不動産の事業承継・M&A補助金 2026年ガイド
この記事の結論
不動産の事業承継・M&Aでは、承継の相手と費用の時期で使う枠が変わります。補助率は1/3〜2/3、電子申請はJグランツのみ、16次公募の申請締切は2026年11月6日です。対象経費の区分は公募要領の表記どおりに整理してから申請してください。

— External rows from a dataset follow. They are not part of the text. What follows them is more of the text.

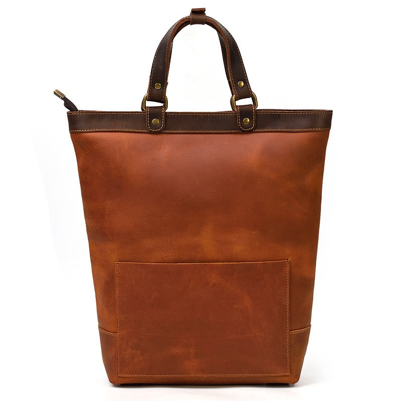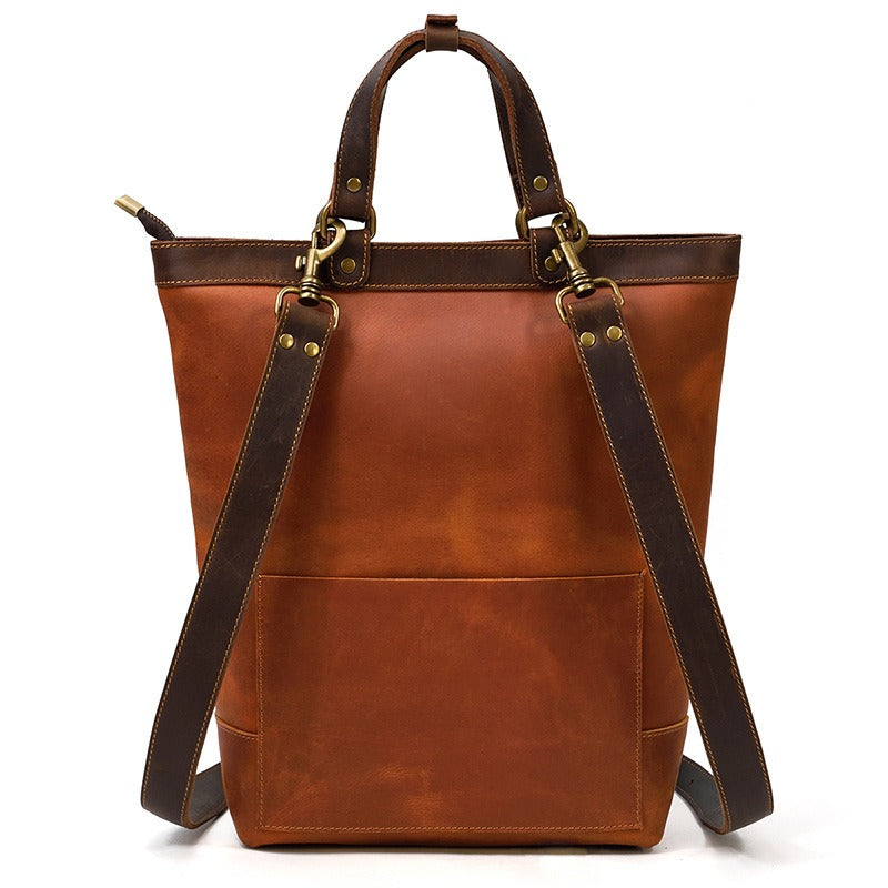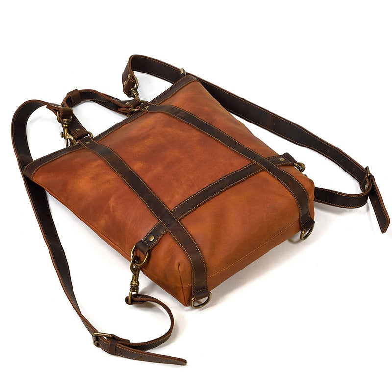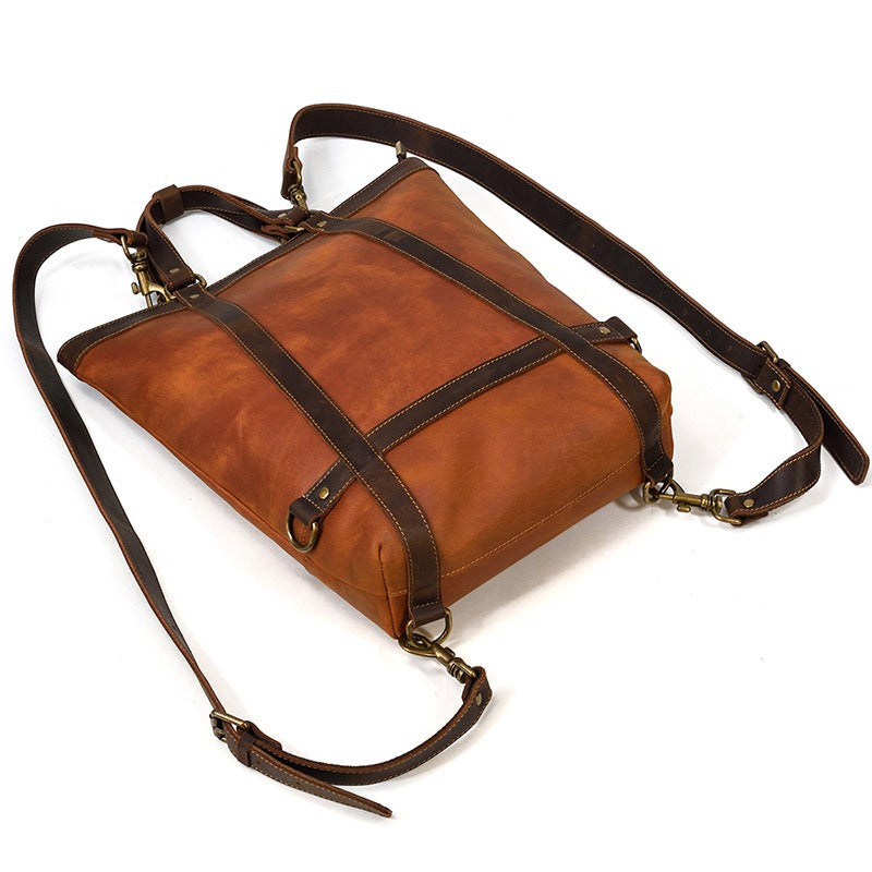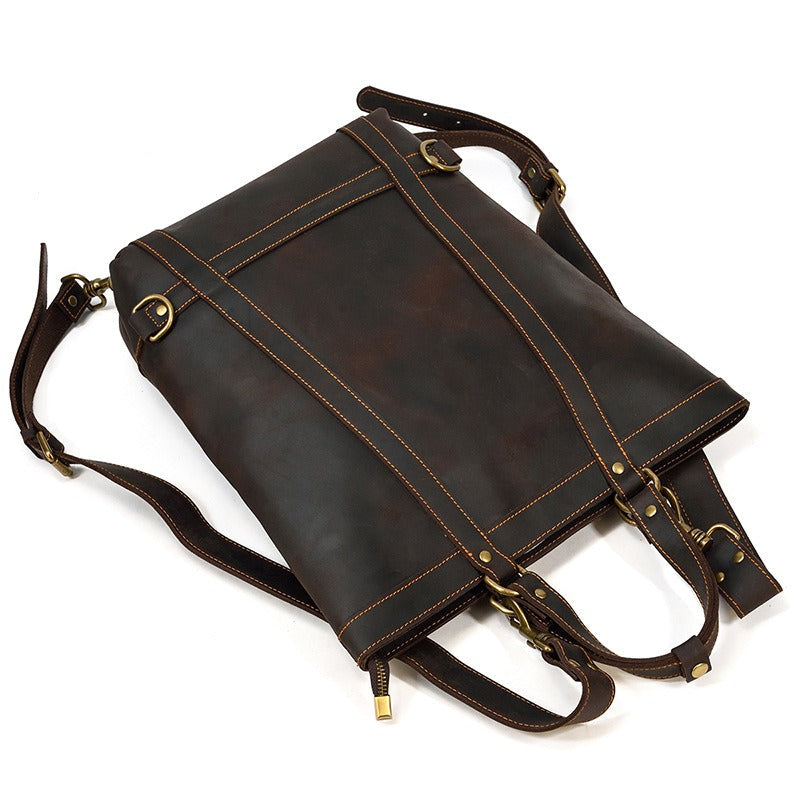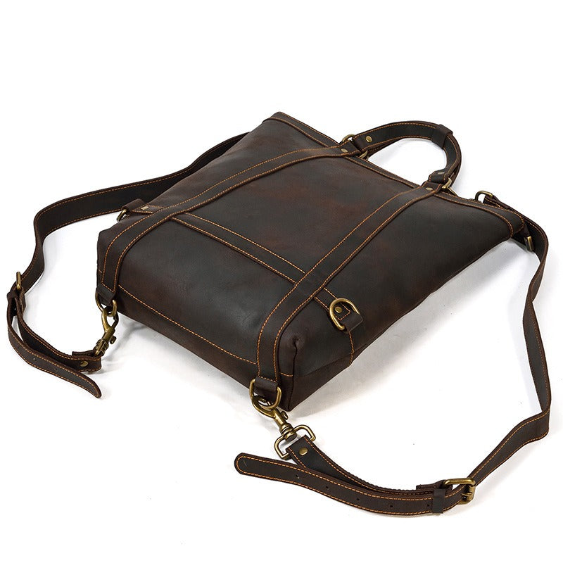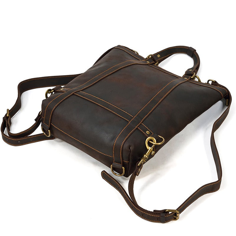 Cool Men's Leather Backpack Coffee Leather Tote Bag Convertible Backpacks Tote Handbag For Men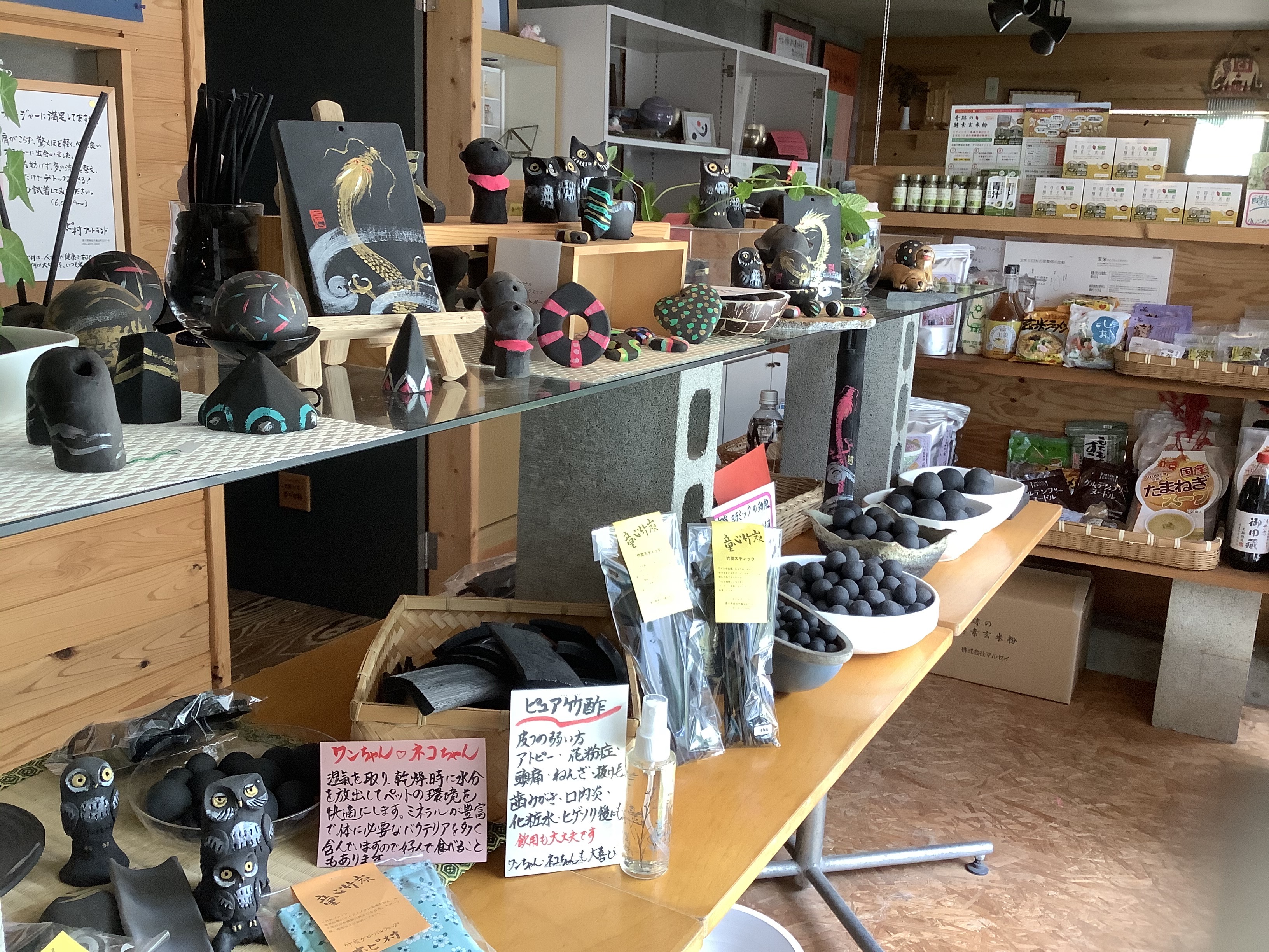 炭焼窯竹炭の他、竹炭セラミックや陶器も焼く。
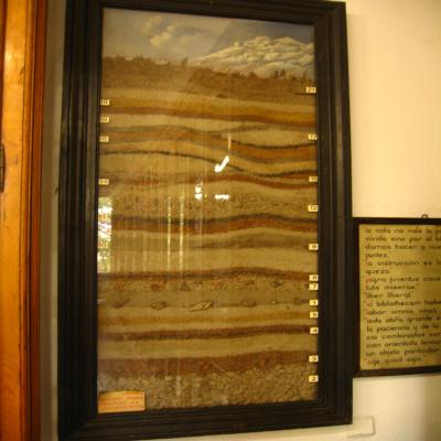 Cuadro de grandes dimensiones colgado en una pared de la sala 1. Representa el perfil de un suelo, en el que se aprecia los diferentes horizontes (hasta 21), y restos tanto biológicos (dientes, hueso..) como intrumentos antiguos (instrumentos prehistóricos..). Se puede observar la textura y composición de las diferentes capas.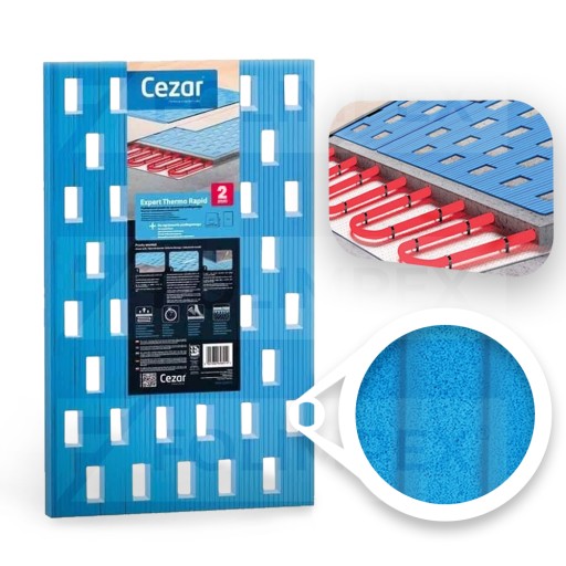 Podkład podłogowy Expert Thermo Rapid CEZAR wykonany jest z polistyrenu ekstrudowanego XPS przeznaczonego pod wszystkie typy podłóg pływających, w których zastosowano ogrzewanie, bądź chłodzenie podłogowe. Izolacja podłogowa występuje w postaci prostokątnej płyty. Jej ergonomiczny kształt pozwala na szybki system montażu oraz prostą obróbkę. W płycie występują prostokątne otwory umożliwiające idealne rozprowadzenie ciepłego lub zimnego powietrza z systemu podłogowego na całej powierzchni posadzki podłogowej. Izolacja podłogowa występuje wyłącznie w jednej grubości. Podkład podłogowy jest jedynym produktem takiego typu na rynku europejskim, co nadaje mu miano innowacyjnej izolacji podłogowej.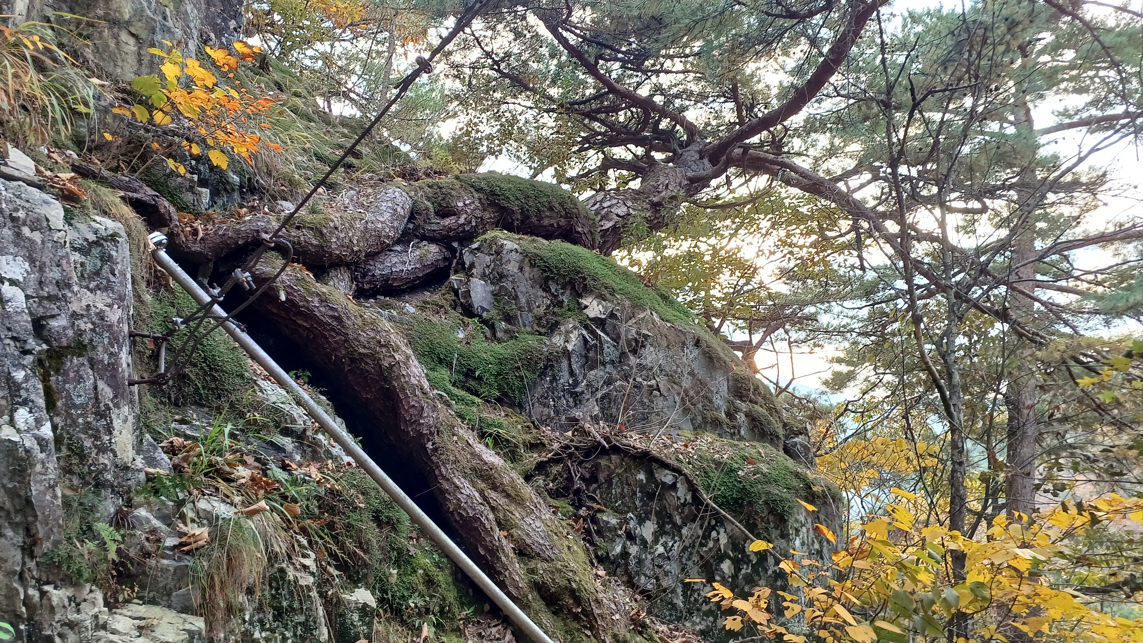 아슬하게 바위에 기대어 뿌리를 내린 듯 인상 깊은 소나무를 지나 가을 단풍이 예쁘게 물든 경치도 구경하며 오르다 보니, 드디어 사리암의 모습이 보이기 시작하네요. 등산로 입구에서 받았던 지팡이는 이곳에 두고 다시 마지막 힘을 짜내 사리암에 도착했어요.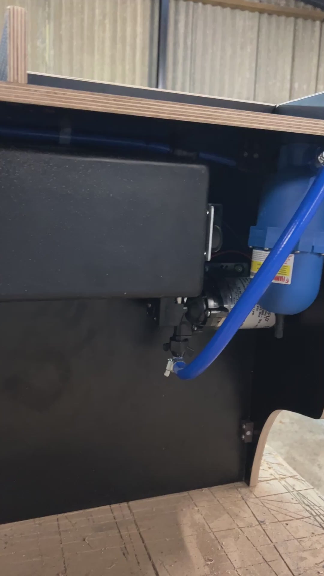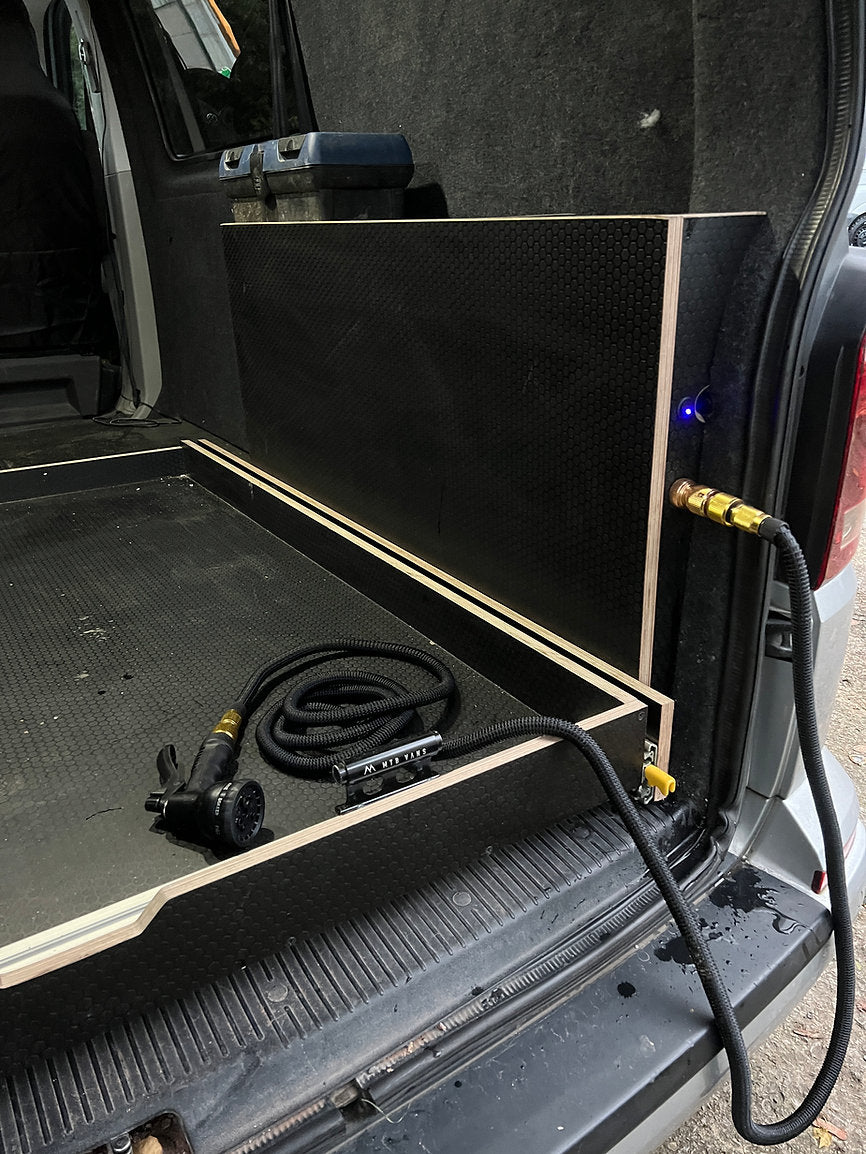 Built to fit neatly in the rear right hand corner of a VW Transporter (T5-T6.1) this discreet solution hides a 25L water tank, 12v high pressure water pump, pressure vessel and all pipe work inside whilst doubling up as a handy storage shelf for tool boxes, riding shoes, knee pads etc.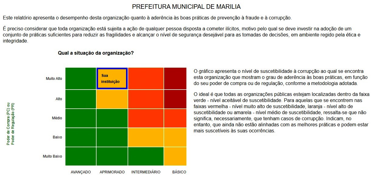 O Programa tem por objetivo demonstrar o nível de suscetibilidade ao qual se encontra o Município e o seu grau de aderência às boas práticas. A nota obtida pelo Município demonstra que Marília está alinhada às boas práticas contra a fraude e à corrupção.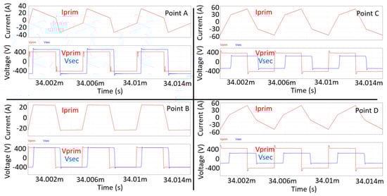 Primary current and primary/secondary voltages for the four operating points specified in Figure 8.

不動産仲介・管理業は担当者と顧客・オーナーとの個人的な信頼関係が事業の核になりやすく、経営者の交代が顧客離れにつながらないよう配慮が求められる業種です。宅建士として実務経験を積んだ従業員が承継する場合は事業承継促進枠、近隣エリアの同業者をM&Aで譲り受けて管理物件や顧客基盤を統合する場合は専門家活用枠が主な選択肢になります。譲り受ける不動産そのものの購入費用は補助対象外である点には注意が必要です。宅地建物取引業の免許承継など業法上の手続きは本補助金の要件とは別に、行政書士など専門家へ確認しながら進める必要があります。事業計画では、管理物件・媒介契約をどう引き継ぎ、有資格者の体制を維持していくかを具体的に示すことが求められます。また、専門家活用枠を利用する場合はFA・仲介業務に係る委託費の対象が登録M&A支援機関に限られるため、契約前に相手方の登録状況を確認しておくことが実務上のポイントです。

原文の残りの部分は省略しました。